Being a historical cipher, it has plenty of faults. Some of them may not be obvious at first though. So it’s important to ask “How can we attack the substitution cipher?”.

Brute-force attack

The Brute-force attack or also called the exhaustive key attack is a common attack and is the baseline for all other attacks. How the brute-force attack works by trying every single possible key the cipher can have. In the substitution cipher case that means we need to try every possible ciphertext alphabet.
Thus it is important to step back and think about how the ciphertext alphabet is made. As we know, we need to make a mapping from the plaintext alphabet to the ciphertext alphabet so that every letter in the plaintext alphabet has another letter in the ciphertext alphabet. Then notice that to choose the first mapping, we have 26 choices of letters, then for the second mapping we have 25 letters to choose from, and so on.
Then to get a count for how many keys we need aka the keyspace, this is:

|k| = 26⋅25⋅24⋅23⋅22⋅…⋅2⋅1 = 26! (the ! is the notation for factorial)

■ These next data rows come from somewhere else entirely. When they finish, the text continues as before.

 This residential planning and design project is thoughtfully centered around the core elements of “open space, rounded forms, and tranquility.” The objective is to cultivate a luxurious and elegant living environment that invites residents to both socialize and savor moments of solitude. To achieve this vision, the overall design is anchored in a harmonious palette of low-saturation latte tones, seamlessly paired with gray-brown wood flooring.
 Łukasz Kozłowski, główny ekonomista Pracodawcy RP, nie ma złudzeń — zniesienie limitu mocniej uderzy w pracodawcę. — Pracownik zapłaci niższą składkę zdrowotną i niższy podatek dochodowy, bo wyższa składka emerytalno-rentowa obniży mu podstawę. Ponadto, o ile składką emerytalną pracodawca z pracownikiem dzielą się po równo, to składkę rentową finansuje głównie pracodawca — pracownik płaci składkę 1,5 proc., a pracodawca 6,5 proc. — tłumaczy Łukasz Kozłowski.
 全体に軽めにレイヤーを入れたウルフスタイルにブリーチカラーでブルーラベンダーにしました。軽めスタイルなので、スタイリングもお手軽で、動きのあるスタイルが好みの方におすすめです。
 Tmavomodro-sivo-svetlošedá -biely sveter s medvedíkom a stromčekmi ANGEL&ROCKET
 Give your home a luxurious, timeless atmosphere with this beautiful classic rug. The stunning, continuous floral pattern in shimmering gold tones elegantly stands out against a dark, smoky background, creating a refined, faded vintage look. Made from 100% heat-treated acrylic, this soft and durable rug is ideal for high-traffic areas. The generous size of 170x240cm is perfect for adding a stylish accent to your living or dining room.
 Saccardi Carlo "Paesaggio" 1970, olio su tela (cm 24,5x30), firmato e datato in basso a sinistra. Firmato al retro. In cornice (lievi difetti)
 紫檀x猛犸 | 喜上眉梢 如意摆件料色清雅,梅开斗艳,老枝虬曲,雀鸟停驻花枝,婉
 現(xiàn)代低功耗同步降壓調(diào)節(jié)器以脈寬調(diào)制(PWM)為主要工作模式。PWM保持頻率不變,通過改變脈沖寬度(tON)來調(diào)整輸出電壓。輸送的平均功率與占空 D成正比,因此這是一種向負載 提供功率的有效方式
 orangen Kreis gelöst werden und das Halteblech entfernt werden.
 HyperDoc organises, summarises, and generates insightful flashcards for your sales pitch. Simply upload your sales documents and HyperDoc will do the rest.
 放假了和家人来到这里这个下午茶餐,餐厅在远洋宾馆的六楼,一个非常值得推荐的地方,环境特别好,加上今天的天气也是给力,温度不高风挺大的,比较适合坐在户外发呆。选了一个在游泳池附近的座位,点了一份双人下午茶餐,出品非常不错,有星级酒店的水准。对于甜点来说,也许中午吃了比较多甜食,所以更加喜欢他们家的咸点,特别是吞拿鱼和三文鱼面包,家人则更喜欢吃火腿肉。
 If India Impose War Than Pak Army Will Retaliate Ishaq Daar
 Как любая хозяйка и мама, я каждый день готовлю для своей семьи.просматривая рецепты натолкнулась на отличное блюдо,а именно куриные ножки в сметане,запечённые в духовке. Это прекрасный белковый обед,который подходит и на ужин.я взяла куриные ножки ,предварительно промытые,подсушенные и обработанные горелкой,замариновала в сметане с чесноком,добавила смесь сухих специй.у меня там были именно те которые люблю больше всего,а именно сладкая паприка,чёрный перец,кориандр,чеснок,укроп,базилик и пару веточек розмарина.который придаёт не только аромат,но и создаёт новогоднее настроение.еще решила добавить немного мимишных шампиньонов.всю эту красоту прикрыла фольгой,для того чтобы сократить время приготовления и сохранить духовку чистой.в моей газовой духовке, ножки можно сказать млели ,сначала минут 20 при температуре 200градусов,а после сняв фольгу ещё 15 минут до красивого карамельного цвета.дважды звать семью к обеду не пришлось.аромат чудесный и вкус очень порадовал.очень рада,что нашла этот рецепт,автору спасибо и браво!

Therefore, the keyspace is |k| = 26! ≈ 2^88 that is 309 septillion. To put in some kind of perspective, my computer can try ~1 Billion keys per second. Still, it would still take years for my computer to find the key for just this one example. But if you are really interested I have my own project in C++ on my GitHub that breaks the example above that uses LION as a keyword.
So the keyspace is too large for a brute-force attack to work, then you may be wondering “Why is this cipher considered very weak then?” Well, that is because as cryptanalysts we have a lot more tools than just brute-force.

Letter frequency analysis

The letter frequency analysis attack will be very common for the historical ciphers we will cover in the future like substitution, Caesar, vigenere, etc. The letter frequency analysis attack uses the fact that languages, and in this case the english language does not equally use each of the letters in its alphabet. So some letters are used more than others, here is a chart to show this:

We can notice that E is the most common letter in the English alphabet, occurring ~12% of the time. Therefore, if we have an encrypted message and count how many times each letter occurs we should get something similar to this chart. If we notice the P is showing up 12% of the time, we can assume that E in the plaintext alphabet maps to P in the ciphertext alphabet.
This would let us then make guesses of which mapping is what, and from there we can use other observations like double letters, and common letter combinations to further narrow down what the ciphertext alphabet could be. If you want to try this yourself, I found this tool online so I highly encourage you to try it out on your own.